Por sinal, a escassez e as altas às vezes exageradas de preços de insumos, foi um dos fatores que mais impactaram a indústria de colchões este ano.

Contamos hoje no Brasil com as principais tecnologias em matérias-primas, insumos e equipamentos para produzir colchões. A maior parte do que está disponível no mundo também está aqui.

E, se de um lado não somos grandes exportadores de colchões, foram apenas 186 mil peças que renderam US$ 11,5 milhões, por outro também compramos poucos colchões do exterior.

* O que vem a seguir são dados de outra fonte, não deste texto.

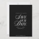 This classy elegant save the date card in black and white features a minimalist design with "save our date" styled in a mixture of classic text and elegant calligraphy script that lends a sophisticated, classy style with old money vibes. The design also features a place to add your photo that covers the entire back of the card.

Em 2020 importamos apenas 132 mil peças no valor de US$ 1,5 milhão, segundo dados da comexstat do MDIC.

Uma apurada pesquisa realizada pelo Intelligence Group mostra que existem no Brasil hoje 168,6 milhões de leitos que utilizam colchões, incluindo residenciais, hospitalares, hotelaria em geral e até o sistema prisional.

O último levantamento realizado sobre a produção de colchões no País, de 2018, mostra que o volume atingia 26 milhões de unidades, suficientes para substituir toda a demanda apontada acima em pouco mais de seis anos de uso. E seria muito saudável se assim fosse.

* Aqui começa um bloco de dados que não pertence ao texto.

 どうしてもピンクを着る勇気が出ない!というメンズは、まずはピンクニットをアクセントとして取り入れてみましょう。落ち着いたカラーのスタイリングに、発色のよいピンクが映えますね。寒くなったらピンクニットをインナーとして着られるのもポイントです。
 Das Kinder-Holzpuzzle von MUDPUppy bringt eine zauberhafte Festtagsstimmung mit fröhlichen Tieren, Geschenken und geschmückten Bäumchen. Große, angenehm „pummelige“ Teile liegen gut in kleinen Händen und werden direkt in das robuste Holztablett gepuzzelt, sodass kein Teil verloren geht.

Mas isso não acontece, porque continuamos dependendo de um comércio de colchões ainda deficiente em relação a qualificação de vendedores, o que dificulta a transferência de informações ao consumidor sobre propriedades dos colchões. Torna-se difícil para o consumidor decidir sozinho e, na dúvida, acaba comprando o mais barato. Isso compromete o desenvolvimento do setor porque inibe a expansão do volume financeiro disponível para a compra de colchões. Como visto acima, se considerarmos 26 milhões de colchões para um comércio de 10 bilhões, temos um preço médio de pouco mais de R$ 384,00 por peça.

Nesta edição do Anuário de Colchões Brasil 2021 voltamos a insistir sobre a necessidade de tornar mais eficiente os pontos de venda, mostrando, através de diversas reportagens, a importância dos colchões na vida das pessoas. Todas as matérias têm um objetivo principal, servir como uma base de informações aos lojistas, gerentes e vendedores de colchões, para enriquecer seus conhecimentos sobre o assunto e melhorar os argumentos de vendas.

E, antes de se preocupar com as vendas de e-commerce, saiba que a maioria das pessoas que compram colchão se sentem mais satisfeitas quando fazem isso em lojas físicas.

Um dado significativo de um estudo do BSC (braço de educação do consumidor da ISPA) é que mais de dois terços dos compradores disseram que acabaram comprando em uma loja física no final de sua jornada de compra. E 75% das pessoas que responderam à pesquisa disseram estar felizes com sua experiência de compra de colchão. E observe outro ponto importante: entre os atributos mais relevantes para a escolha de colchão, preço está em quinto lugar, com apenas 48% das respostas. O mais importante é conforto (89%), seguido de durabilidade/resistência (69%), tamanho (61%) e segurança (56%).

Portanto, como vimos esse ano, existe espaço para crescimento do setor colchoeiro, é um novo despertar e que deve ser colocado no centro das discussões sobre o que precisa ser feito para manter essa demanda em alta em 2021 e muito além disso. Não podemos perder esta rara oportunidade que o consumidor está oferecendo. Ele mostrou que quer mais conforto em sua casa e cabe ao setor colchoeiro oferecer isso e muito mais a ele.

Nós, com Anuário de Colchão Brasil 2021, estamos fazendo a nossa parte, levando conteúdo estratégico para a cadeia colchoeira, com apoio de dezenas de empresas que têm o mesmo objetivo, vender mais e gerar mais satisfação ao consumidor. Assim todos ficarão felizes.